Went out with a buddy as I do just about every weekend to Santa Rosa Country Range and shot up about 2000 rounds of 5.56 Nato out of my SCAR and AR15. Wife also shot about 500 rnds of 22(She likes to plink). After everything was said and done we decided to start collecting our brass as I am contemplating reloading and would like to have my brass back to see if it makes cents(ALL PUN INTENDED). 

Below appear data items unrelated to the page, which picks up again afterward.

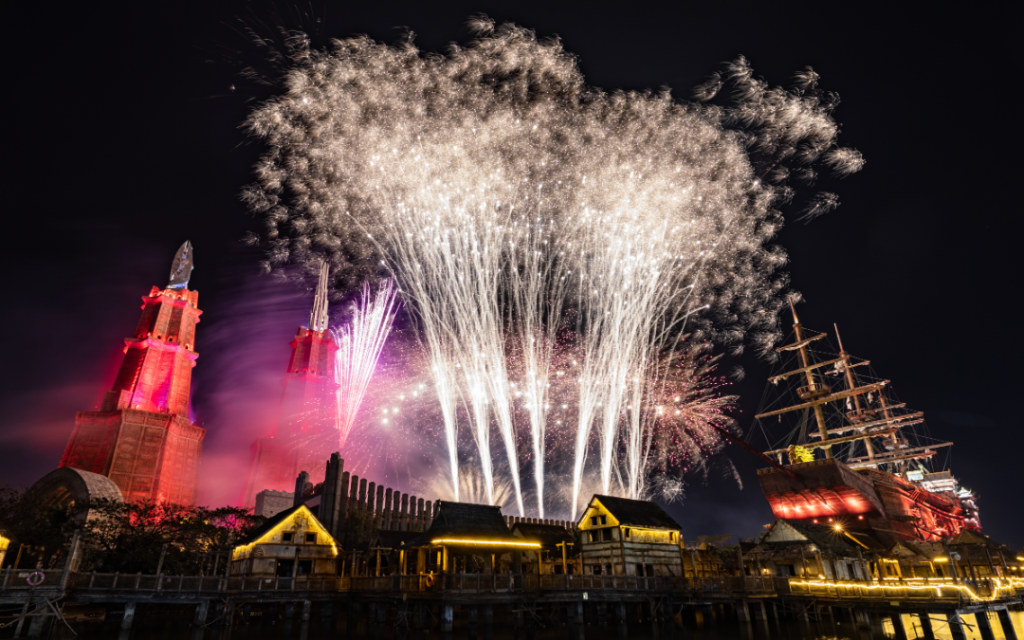 海南长影奇幻乐园烟花秀活动现场。
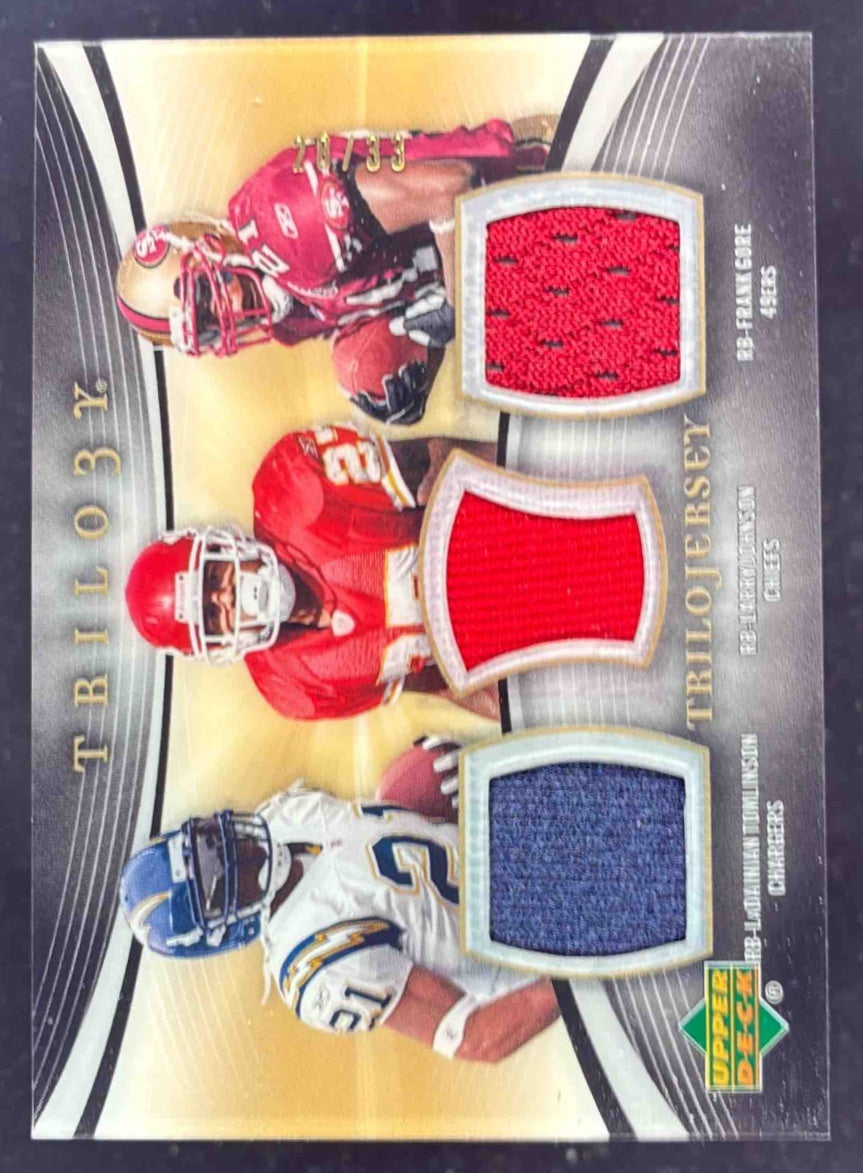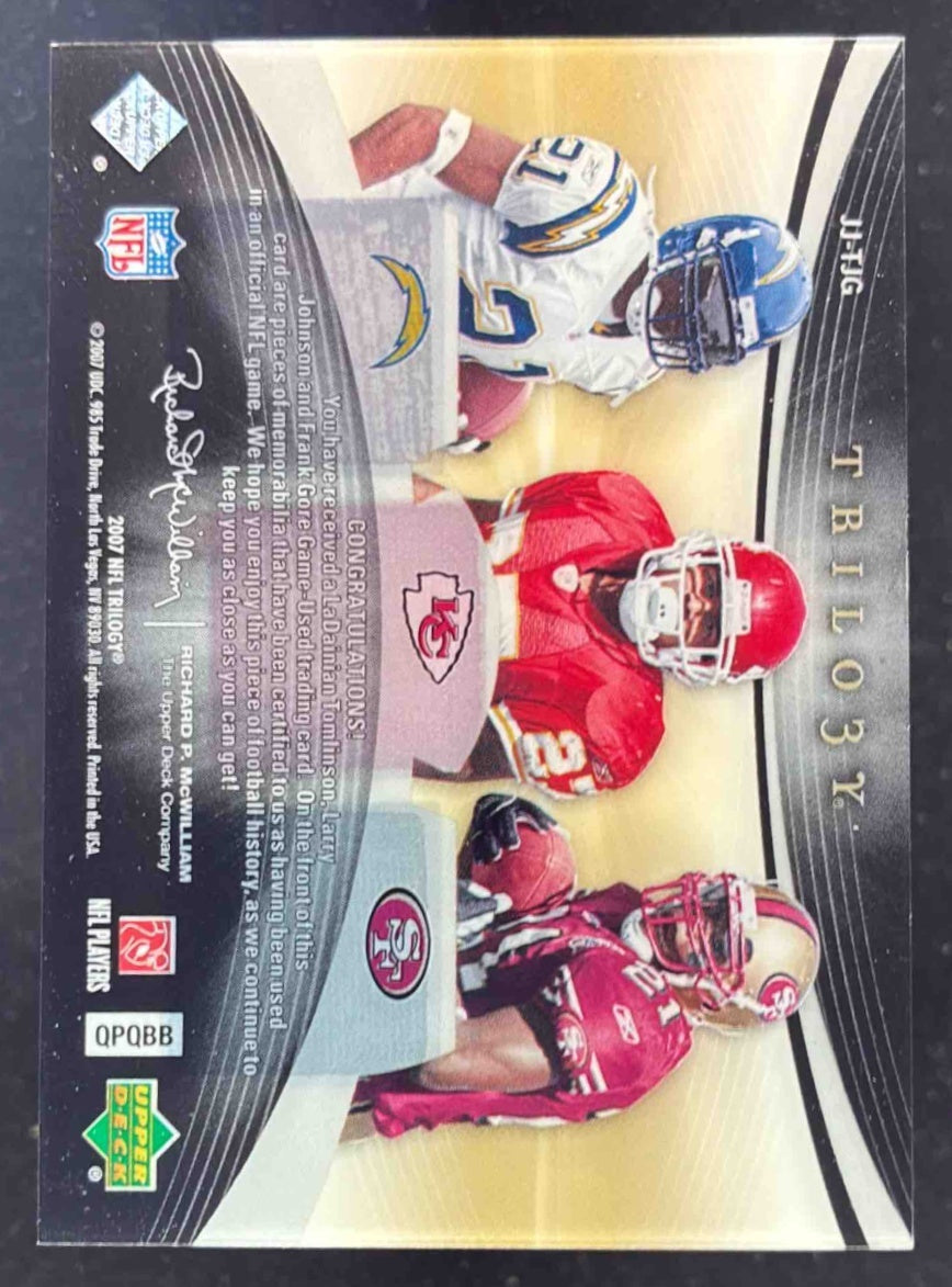 2007 UD Trilogy Trilojerseys Larry Johnson LaDainian Tomlinson Frank Gore /33
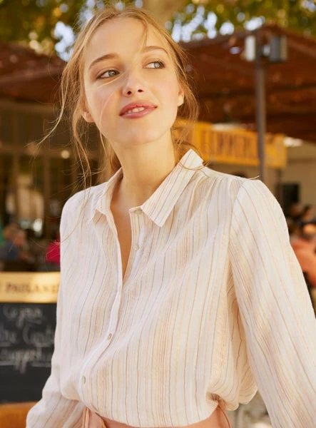 Lurex shirt with button front and double buttoned cuffs 90% cotton 10% lurex Made in India Machine wash at 30 Do not bleach or tumble dry Iron inside out
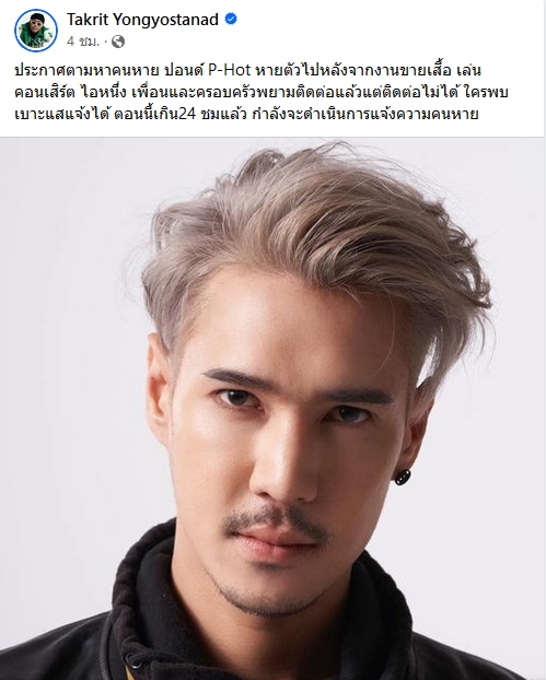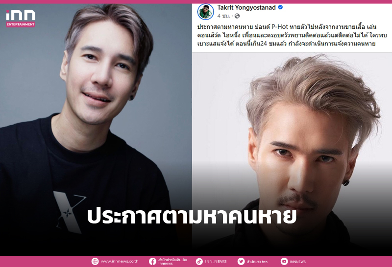 ล่าสุด คนสนิทที่ใช้ชื่อเฟซบุ๊กว่า Takrit Yongyostanad ได้ออกมาโพสต์ประกาศตามหาระบุข้อความว่า ประกาศตามหาคนหาย ปอนด์ P-Hot หายตัวไปหลังจากงานปาร์ตี้ ไอหนึ่ง เพื่อนและครอบครัวพยามติดต่อแล้วแต่ติดต่อไม่ได้ ใครพบเบาะแสแจ้งได้ ตอนนี้เกิน 24 ชม.แล้ว กำลังจะดำเนินการแจ้งความคนหาย
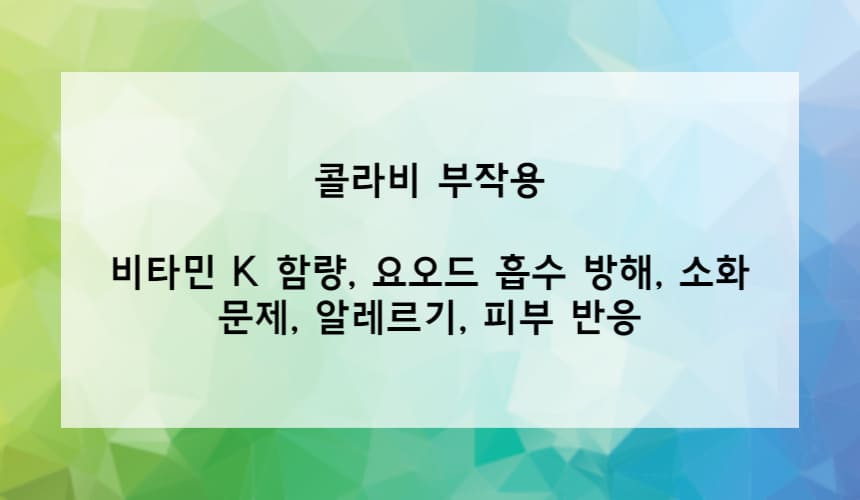 콜라비의 부작용은 대부분의 사람들에게는 드물게 발생하며, 적절한 양을 섭취하면 건강에 이롭습니다. 그러나 위에서 언급한 잠재적 부작용이나 주의 사항에 대해 알고 있어야 하며, 문제가 발생할 경우 즉시 의사와 상의해야 합니다.
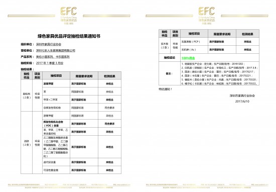 2017年,作為“中國(guó)綠色家具優(yōu)品”首批獲證企業(yè),深圳市家具行業(yè)協(xié)會(huì)檢測(cè)中心(賽德檢測(cè))針對(duì)七彩人生家具的品質(zhì)抽檢工作進(jìn)入第三個(gè)年頭。6月10日,今年第一季度3月份的抽檢工作完成,七彩人生各項(xiàng)抽檢結(jié)果均達(dá)到100%的合格率。
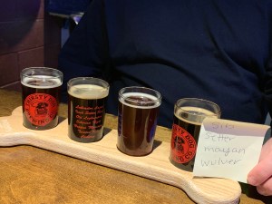 That was all me, Shane and Ted. On the other side of the table, Cassi stuck with the raspberry ale, while Jason tried a couple of different full sized glasses.
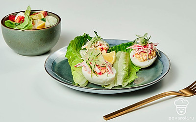 Подайте яйца, фаршированные крабовыми палочками, на сервировочной тарелке, застеленной листьями салата.
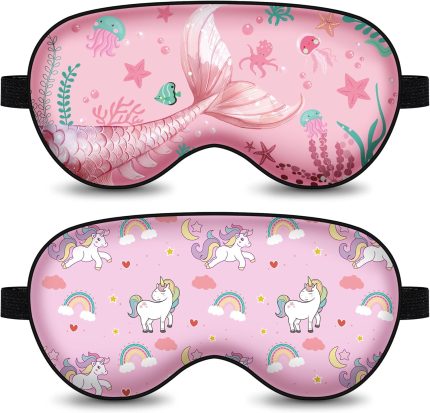 2 Pack Sleep Mask for Kids, Cute Unicorn Mermaid Blackout Sleeping Mask, Eye Cover with Adjustable Strap, Soft Eye Blindfold for Girls Teen Home Travel Party, Ocean Rainbow Animal Blindfold Pink
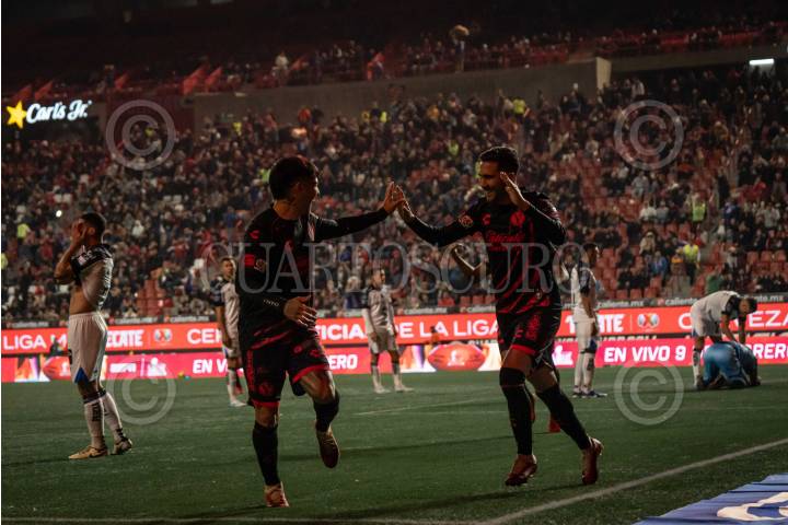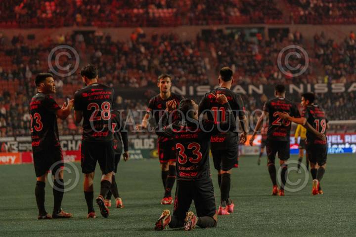 TIJUANA BAJA CALIFORNIA 24ENERO2025.- Xolos de Tijuana celebrando su gol. Los Xolos de Tijuana lograron su primera victoria del torneo Clausura 2025 al imponerse 2-1 a Querétaro en el Estadio Caliente, en partido correspondiente a la jornada 3 de la Liga MX. El equipo tijuanense mostró determinación y aprovechó su condición de local para quedarse con los tres puntos. Con este triunfo, el conjunto fronterizo suma 4 puntos en el certamen, demostrando mejoría en su juego y dejando atrás un inicio complicado. La afición en el estadio celebró el esfuerzo y compromiso del equipo, que mostró carácter para asegurar la victoria. Ahora, los Xolos se preparan para su próximo desafío: una visita al estadio de Tigres, en un duelo que promete ser emocionante. Juan Carlos Osorio y su cuerpo técnico trabajan en ajustar los detalles necesarios para encarar a uno de los equipos más sólidos de la liga. FOTO: CHRIS NOYOLA/CUARTOSCURO.COM
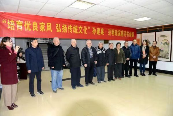 12月6日,由离退休处主办、老年书画研究会承办的“培育优良家风 弘扬传统文化”孙建泉·范明珠·孙钰滋家庭诗书画展在西苑教职工活动中心三楼开幕,江苏省老年书画研究会副会长秦志法、原副会长宋太炎,我校夕阳红艺术团团长王宜胜、校关工委常务副秘书长丁秀东,校工会、航空宇航学院、理学院等相关部门、学院负责人出席了开幕式,老年书画研究会会员、孙建泉、范明珠的亲朋好友及广大书画爱好者也来到现场。开幕式由离退休党工委书记张环主持。

After grabbing what was left on the concrete pad(maybe 250-300 rnds) we went off the pad over to our brass pile and starting shoveling our brass into a box only to have the owner(Some old geiser) come out and be a total dick to my buddy and I saying, "That brass is now part of the range and you can't take any of it." I replied back to him saying," I am sorry sir but I just shot over 2000 rnds and the people behind me can confirm that this brass pile is mine and I would like to take it home." He went ballistic and yelled at me for taking the brass off the range right in front of at least 20 people. 

I was cordial enough to pour the box of brass out (500+ rounds) and didnt say a word. However, I walked back up to the shack where you pay and read the rules. Right in the rules it states that brass not on the concrete is part of the range. The old F*%($ tried to inform me about his brass collecting business and the running of his range to keep his head above the water and he was greeted with a formal, "With all do respect sir but, F U!" I left of coarse never to return to an establishment that about everytime I go there I am always getting yelled at for 2 second rules or something retarded. That will be the last time I pay that man for anything! I hope your business goes under and you are forced to live in that camper for the rest of your life you low life disrespectful asshole! I simply wanted to snag my brass(Maybe 6$ worth) and take it home for a project. I payed you 40$ for everyone to shoot on your range and you belittle me in public...... Nuf Said.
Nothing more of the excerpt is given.